Data segment START
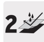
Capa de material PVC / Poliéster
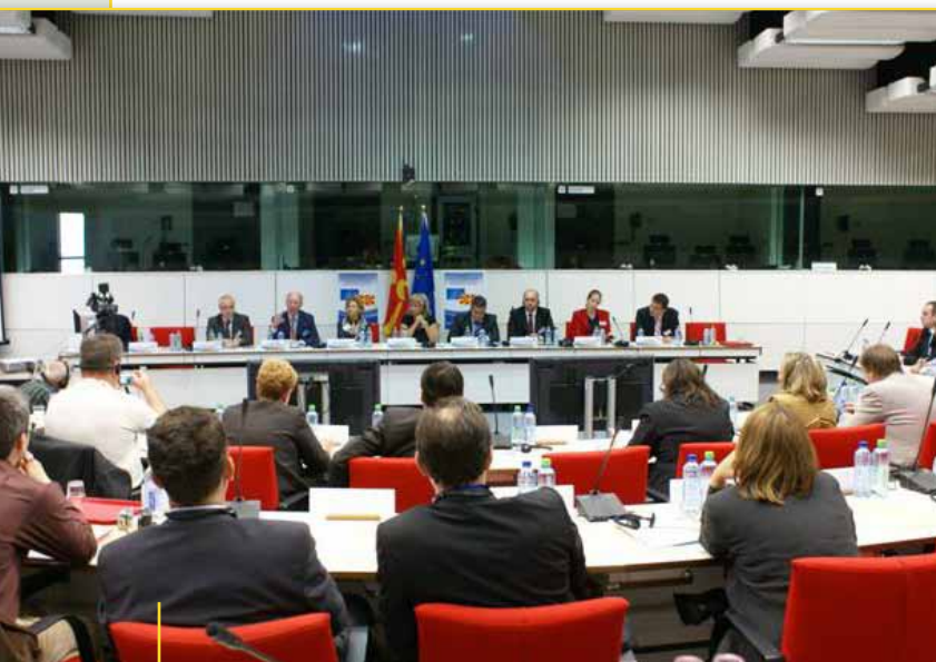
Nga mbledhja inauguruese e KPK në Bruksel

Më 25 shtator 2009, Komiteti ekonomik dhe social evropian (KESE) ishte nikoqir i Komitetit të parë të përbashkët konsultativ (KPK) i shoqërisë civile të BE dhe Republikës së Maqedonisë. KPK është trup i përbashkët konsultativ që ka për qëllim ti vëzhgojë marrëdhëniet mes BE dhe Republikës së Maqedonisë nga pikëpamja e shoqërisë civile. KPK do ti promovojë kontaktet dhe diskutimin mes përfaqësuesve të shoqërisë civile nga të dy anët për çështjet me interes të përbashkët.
Data segment END
→ Activity
Print the entire listing above verbatim. No picture should be included.

→ Result of the task
Capa de material PVC / Poliéster
Nga mbledhja inauguruese e KPK në Bruksel

Më 25 shtator 2009, Komiteti ekonomik dhe social evropian (KESE) ishte nikoqir i Komitetit të parë të përbashkët konsultativ (KPK) i shoqërisë civile të BE dhe Republikës së Maqedonisë. KPK është trup i përbashkët konsultativ që ka për qëllim ti vëzhgojë marrëdhëniet mes BE dhe Republikës së Maqedonisë nga pikëpamja e shoqërisë civile. KPK do ti promovojë kontaktet dhe diskutimin mes përfaqësuesve të shoqërisë civile nga të dy anët për çështjet me interes të përbashkët.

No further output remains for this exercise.